DATASET SECTION →
((
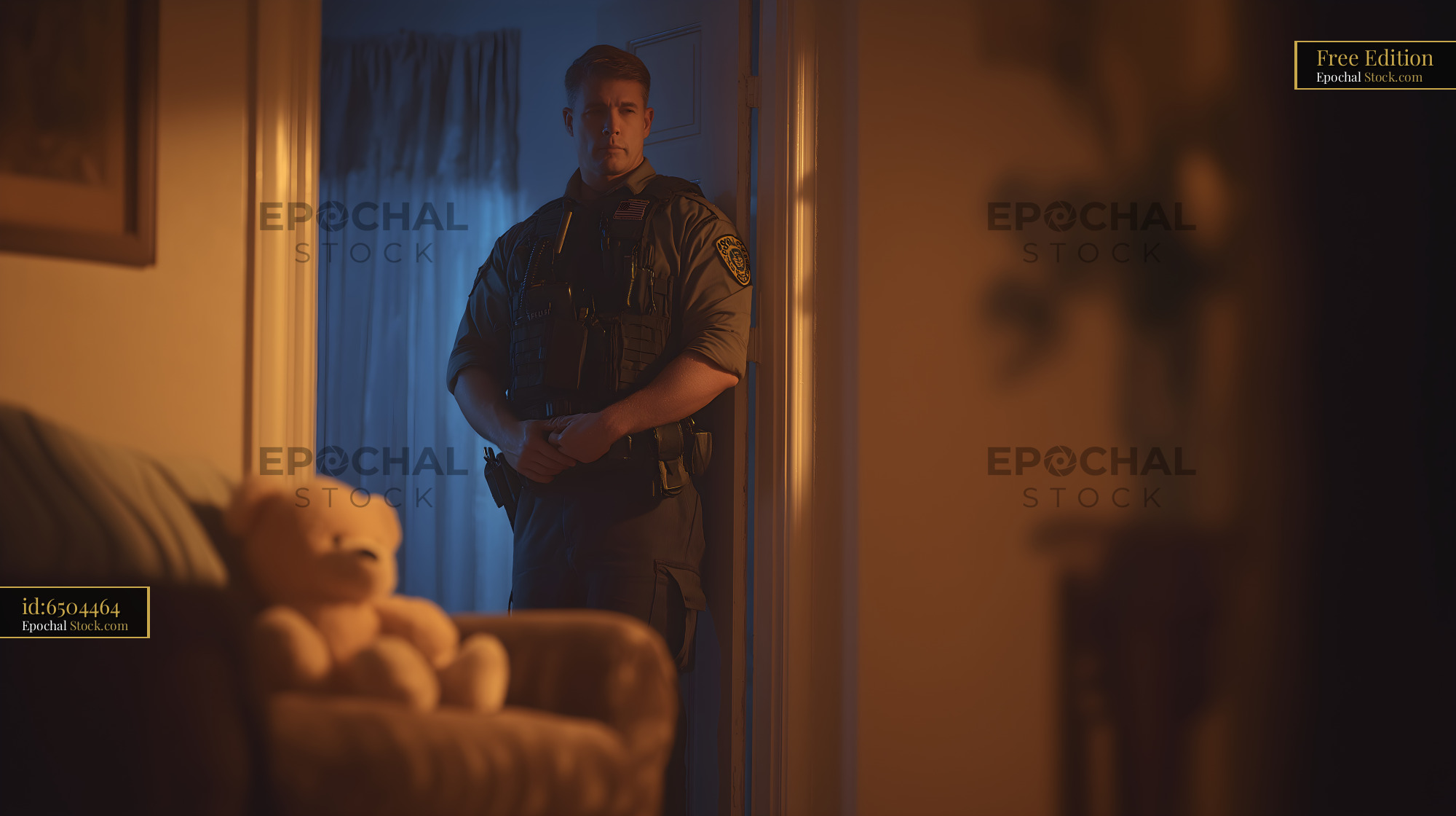 A police officer watches from a hallway in a home. A teddy bear rests on a couch nearby. The scene shows a quiet moment in the night. Light filters through the curtains.
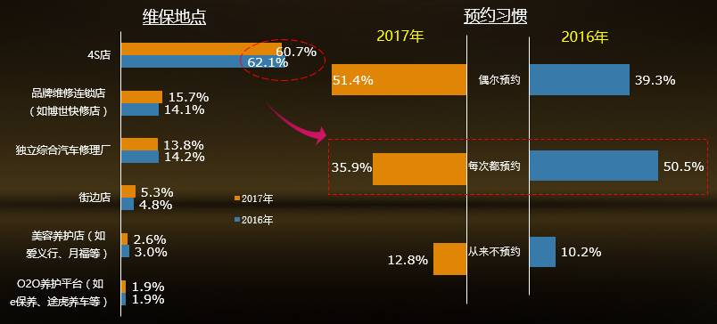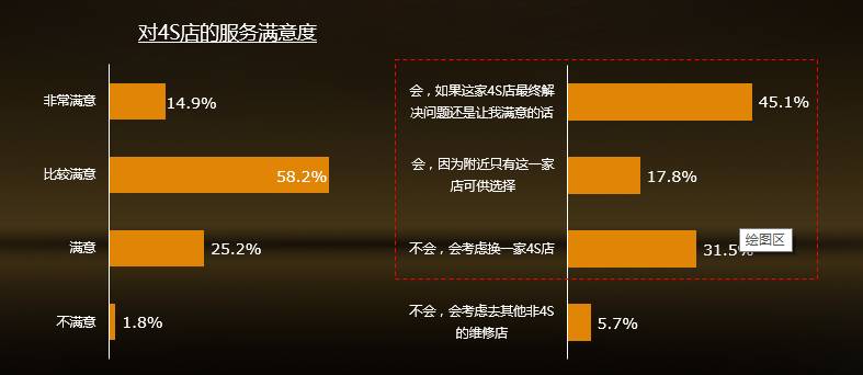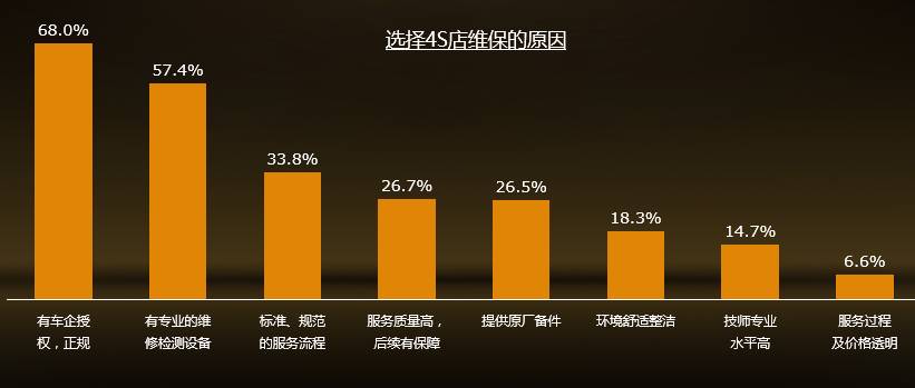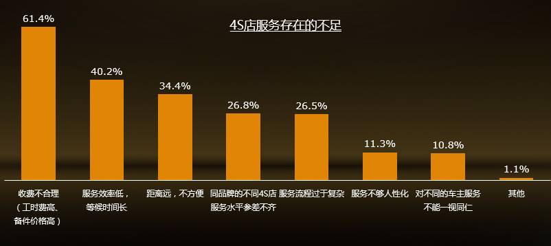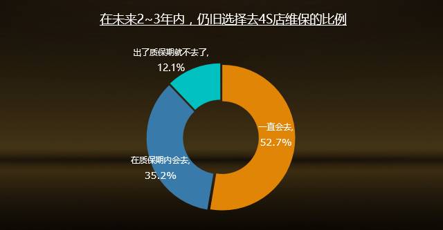 4S店依然是大多数车主给爱车做维修保养的首选场所;绝大多数车主对目前4S店体系的服务是满意的。可见4S店体系仍然是售后服务市场的绝对主导,优势明显。
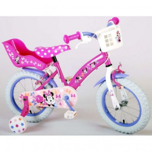 Bicicleta pentru copii Disney Minnie 14 inch.Bicicleta pentru fete Disney Minnie Mouse este extrem de populara la toate fetele.Bicicleta are un scaun de papusa in spate si un cos de plastic in fata, astfel incat fiecare fata sa isi poata lua lucrurile cu ea, dar sa isi tina mainile in siguranta pe ghidon. In plus, bicicleta are aparatoare de lant inchisa.Bicicleta este echipata frana de mana pentru roata fata si frana de mana pentru roata spate, cauciucuri albe, jante metalice.Pentru a invata cum sa pedalezi rapid, bicicleta are doua roti laterale detasabile. Ce fata nu si-ar dori aceasta bicicleta? Recomandata pentru copii cu varsta cuprinsa intre 3.5 si 5 ani, cu o inaltime intre 98 la 110.Bicicleta 14 Inch Minnie Mouse este ideala pentru a invata mersul pe bicicleta.Bicicleta Minnie Mouse va creste o data cu micuta Dvs, ghidonul si saua sint reglabile pe inaltime, iar rotile ajutatotare se pot demonta.Caracteristici:roti cauciuc gonflabile ,cadru din otel.Inaltime sa de la podea - 47 cm.Produsul vine 85% ansamblat.Dimensiuni cutie 100,0 x 17,0 x 53,0 cmContraindicat copiilor mai mici de 3 ani. Jucaria/produsul poate contine piese mici care se pot inghiti sau inhala existand pericolul de sufocare sau nu este potrivita copiilor mai mici de 3 ani. Nu lasati ambalajele jucariilor/produselor la indemana copiilor. Indepartati orice ambalaj al jucariei/produsului inainte de a da jucaria/produsul copilului. Va rugam sa supravegheati copilul in timp ce se joaca/foloseste acest produs. Pastrati instructiunile si etichetele pentru referinte viitoare. Pastrati jucaria/produsul departe de foc; feriti jucaria/produsul de temperaturi ridicate si umiditate.
))
WHAT YOU HAVE TO DO → Your task is to repeat exactly the lines from the one containing "4S店依然是大多数车主给爱车" through the end of the material, both included, and only those, without pictures.

RESPONSE AREA →
 4S店依然是大多数车主给爱车做维修保养的首选场所;绝大多数车主对目前4S店体系的服务是满意的。可见4S店体系仍然是售后服务市场的绝对主导,优势明显。
 Bicicleta pentru copii Disney Minnie 14 inch.Bicicleta pentru fete Disney Minnie Mouse este extrem de populara la toate fetele.Bicicleta are un scaun de papusa in spate si un cos de plastic in fata, astfel incat fiecare fata sa isi poata lua lucrurile cu ea, dar sa isi tina mainile in siguranta pe ghidon. In plus, bicicleta are aparatoare de lant inchisa.Bicicleta este echipata frana de mana pentru roata fata si frana de mana pentru roata spate, cauciucuri albe, jante metalice.Pentru a invata cum sa pedalezi rapid, bicicleta are doua roti laterale detasabile. Ce fata nu si-ar dori aceasta bicicleta? Recomandata pentru copii cu varsta cuprinsa intre 3.5 si 5 ani, cu o inaltime intre 98 la 110.Bicicleta 14 Inch Minnie Mouse este ideala pentru a invata mersul pe bicicleta.Bicicleta Minnie Mouse va creste o data cu micuta Dvs, ghidonul si saua sint reglabile pe inaltime, iar rotile ajutatotare se pot demonta.Caracteristici:roti cauciuc gonflabile ,cadru din otel.Inaltime sa de la podea - 47 cm.Produsul vine 85% ansamblat.Dimensiuni cutie 100,0 x 17,0 x 53,0 cmContraindicat copiilor mai mici de 3 ani. Jucaria/produsul poate contine piese mici care se pot inghiti sau inhala existand pericolul de sufocare sau nu este potrivita copiilor mai mici de 3 ani. Nu lasati ambalajele jucariilor/produselor la indemana copiilor. Indepartati orice ambalaj al jucariei/produsului inainte de a da jucaria/produsul copilului. Va rugam sa supravegheati copilul in timp ce se joaca/foloseste acest produs. Pastrati instructiunile si etichetele pentru referinte viitoare. Pastrati jucaria/produsul departe de foc; feriti jucaria/produsul de temperaturi ridicate si umiditate.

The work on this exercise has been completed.